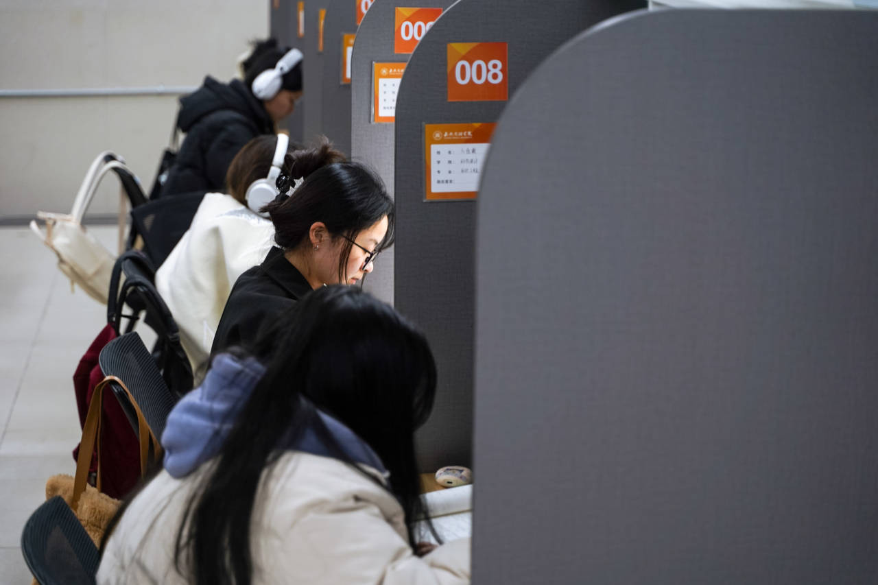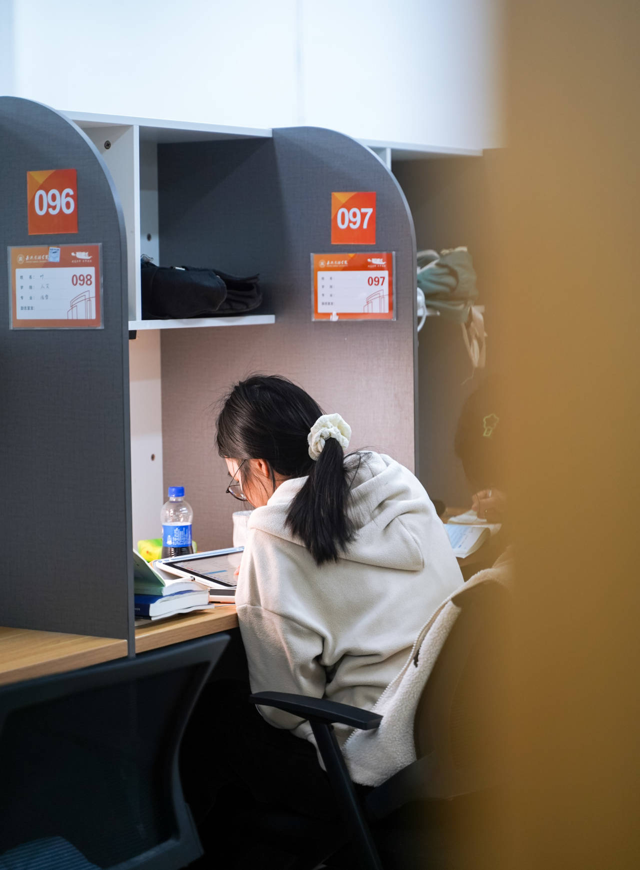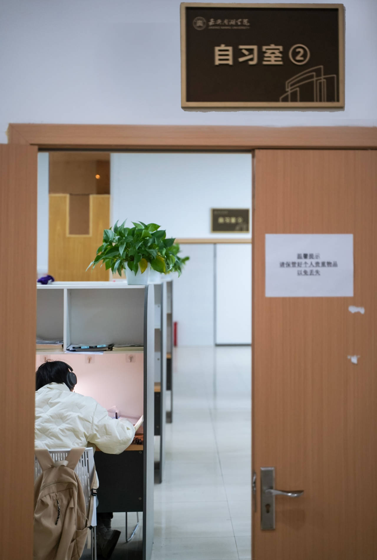 3月13日晚上九点多,在嘉兴南湖学院的考研教室,仍有不少同学在这里自习。
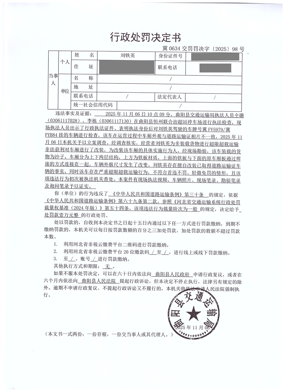 刘铁英擅自改装已取得道路运输证的车辆冀0634交罚〔2025〕98号
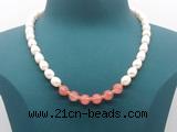 Details: Fashion pearl necklace: 16 - 24 inches 9mm - 10mm rice white freshwater pearls & 10mm round cherry quartz beaded necklace finished with copper spring ring clasp Item: CFN434 Material: 9-10mm rice white freshwater pearls 10mm round cherry quartz beads 1.5*4mm copper spacers (No.2) 11mm copper spring ring clasp (you can choose different spacer & clasp, if you like sterling silver clasp, other clasp or better quality rice white freshwater pearls we don't show, please contact us before you placing order) Color: See image Style: No.1: Non-knotted (Default) No.2: Hand-knotted Length (inch): Approx 16 inch (16-17”, Default) You can choose 17”(17-18”); 18”(18-19”); 19”(19-20”); 20”(20-21”); 22”(22-23”) or 24”(24-25”)
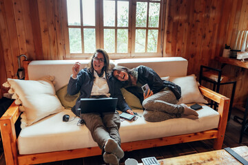 Midlife couple enjoying a joyful selfie moment together
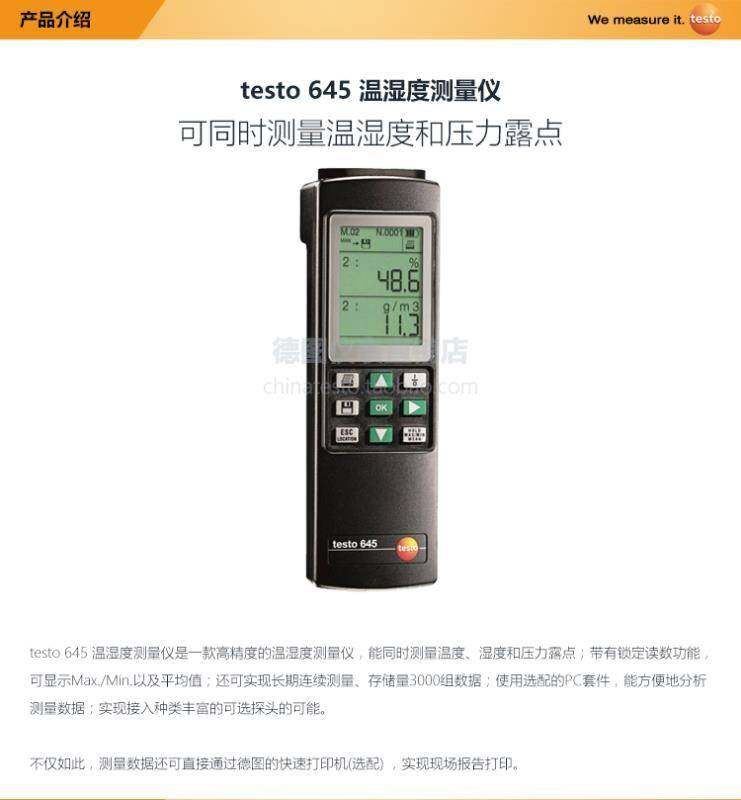 > 德图testo645高精度温湿度测量仪温湿度计手持式数字温湿 正品保
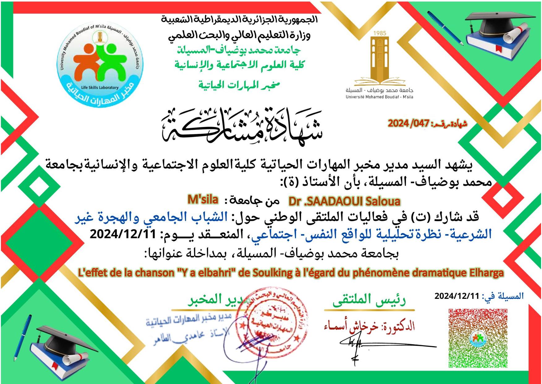 M. SAADAOUI Saloua, (2024-12-11), "L'effet de la chanson"Ya elbahri" de Soulking à l'égard du phénomène dramatique Elharga", [national] الشباب الجامعي و الهجرة غير الشرعية-نظرة تحليلية للواقع نفس-اجنماعي , université de Ms'la
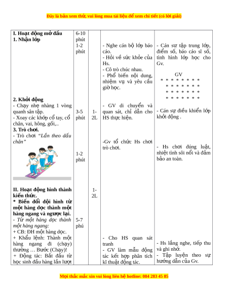Đây là bản xem th , vu ử i lòng mua tài li u ệ đ xe ể m chi ti t (c ế ó l i ờ gi i ả ) I. Hoạt đ ng m ộ đ ở u ầ 6-10 1. Nhận l p ớ phút 1-2 - Nghe cán bộ l p ớ báo - Cán sư t p ậ trung l p, ớ phút cáo. đi m ể số, báo cáo sĩ s , ố - H i ỏ về s c ứ kh e ỏ c a ủ tình hình l p ớ h c ọ cho Hs. Gv. - Cô trò chúc nhau. - Phổ bi n ế n i ộ dung, GV nhi m ệ vụ và yêu c u ầ * * * * * * * * gi h ờ c. ọ * * * * * * * * * * * * * * 2. Kh i ở đ ng ộ * * * * * * * - Ch y ạ nhẹ nhàng 1 vòng - GV di chuy n ể và quanh sân t p. ậ 3-5 1- quan sát, chỉ d n ẫ cho - Cán sự đi u ề khi n ể l p ớ - Xoay các kh p c ớ ổ tay, cổ phút 2L HS th c hi ự n. ệ kh i ở đ ng ộ . chân, vai, hông, gối,.. 3. Trò ch i ơ . - Trò ch i ơ “L n ầ theo d u ấ chân” -Gv tổ ch c ứ Hs ch i ơ trò ch i ơ . - Hs ch i ơ đúng lu t ậ , 1-2 nhiệt tình sôi n i ổ và đ m ả phút b o ả an toàn. II. Hoạt đ ng ộ hình thành 1- ki n t ế h c. ứ 2L * Bi n ế đ i ổ đ i ộ hình từ m t ộ hàng d c ọ thành m t ộ
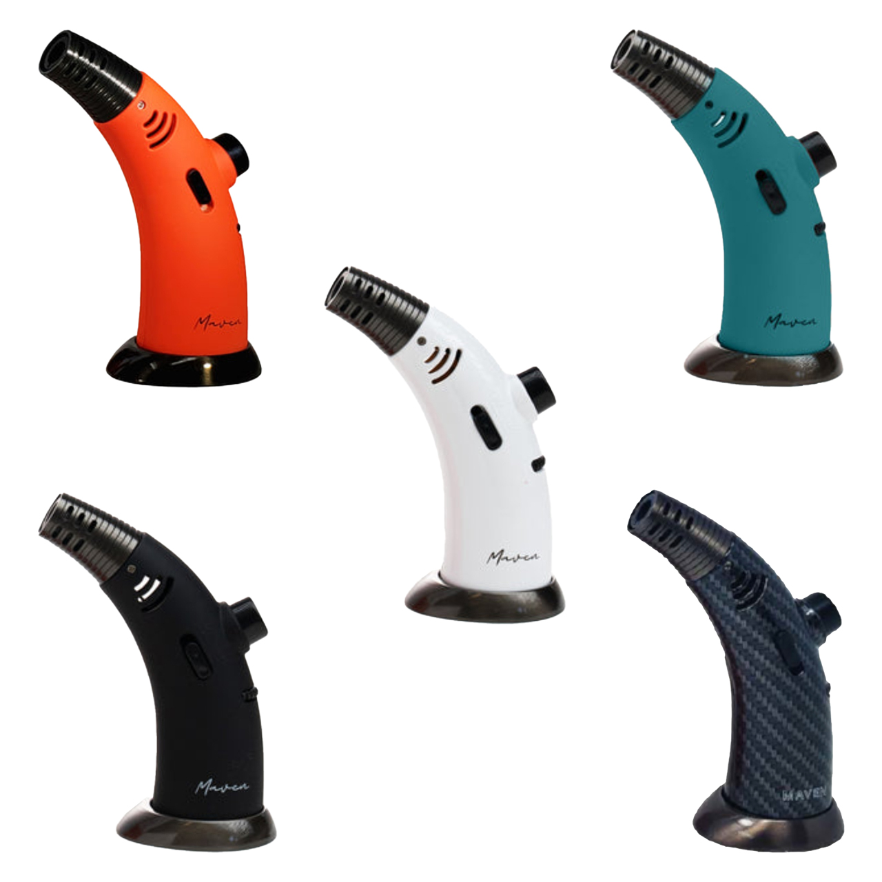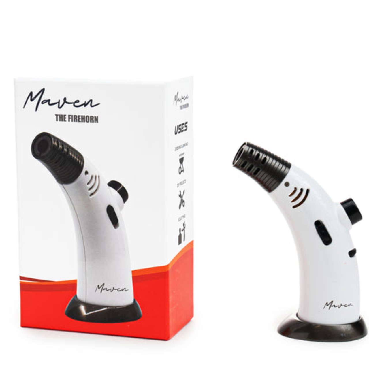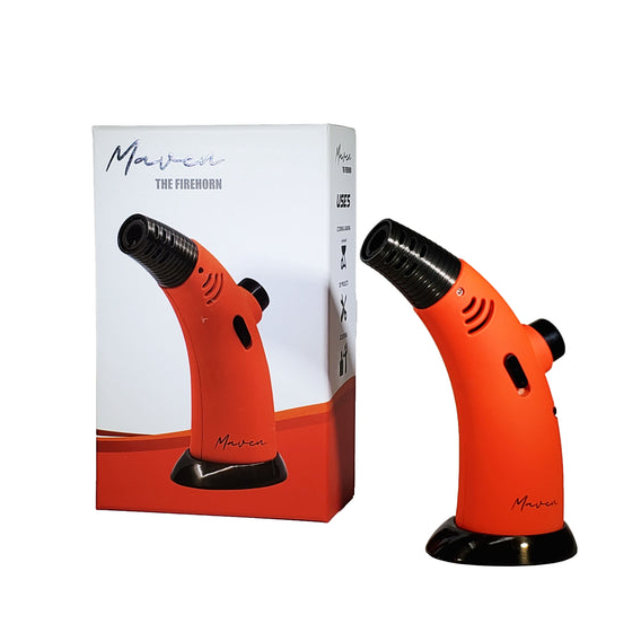 The Maven Firehorn is our newest addition to our Maven collection and features a limited edition handheld angled jet torch with a solid base foundation and smooth yet intuitive design. This powerful device stands at 5 inches tall with a wide refillable butane tank structure and angled top for strategic and precise lighting. The Firehorn can also opened and locked as desired for safety purposes as well as adjusted for flame intensity

* _What you have to do_
The answer must be an exact copy of the lines above, from the start of the records through the line with "université de Ms'la", and of nothing else; no pictures belong in it.

* _Answer space_
 3月13日晚上九点多,在嘉兴南湖学院的考研教室,仍有不少同学在这里自习。
 刘铁英擅自改装已取得道路运输证的车辆冀0634交罚〔2025〕98号
 Details: Fashion pearl necklace: 16 - 24 inches 9mm - 10mm rice white freshwater pearls & 10mm round cherry quartz beaded necklace finished with copper spring ring clasp Item: CFN434 Material: 9-10mm rice white freshwater pearls 10mm round cherry quartz beads 1.5*4mm copper spacers (No.2) 11mm copper spring ring clasp (you can choose different spacer & clasp, if you like sterling silver clasp, other clasp or better quality rice white freshwater pearls we don't show, please contact us before you placing order) Color: See image Style: No.1: Non-knotted (Default) No.2: Hand-knotted Length (inch): Approx 16 inch (16-17”, Default) You can choose 17”(17-18”); 18”(18-19”); 19”(19-20”); 20”(20-21”); 22”(22-23”) or 24”(24-25”)
 Midlife couple enjoying a joyful selfie moment together
 > 德图testo645高精度温湿度测量仪温湿度计手持式数字温湿 正品保
 M. SAADAOUI Saloua, (2024-12-11), "L'effet de la chanson"Ya elbahri" de Soulking à l'égard du phénomène dramatique Elharga", [national] الشباب الجامعي و الهجرة غير الشرعية-نظرة تحليلية للواقع نفس-اجنماعي , université de Ms'la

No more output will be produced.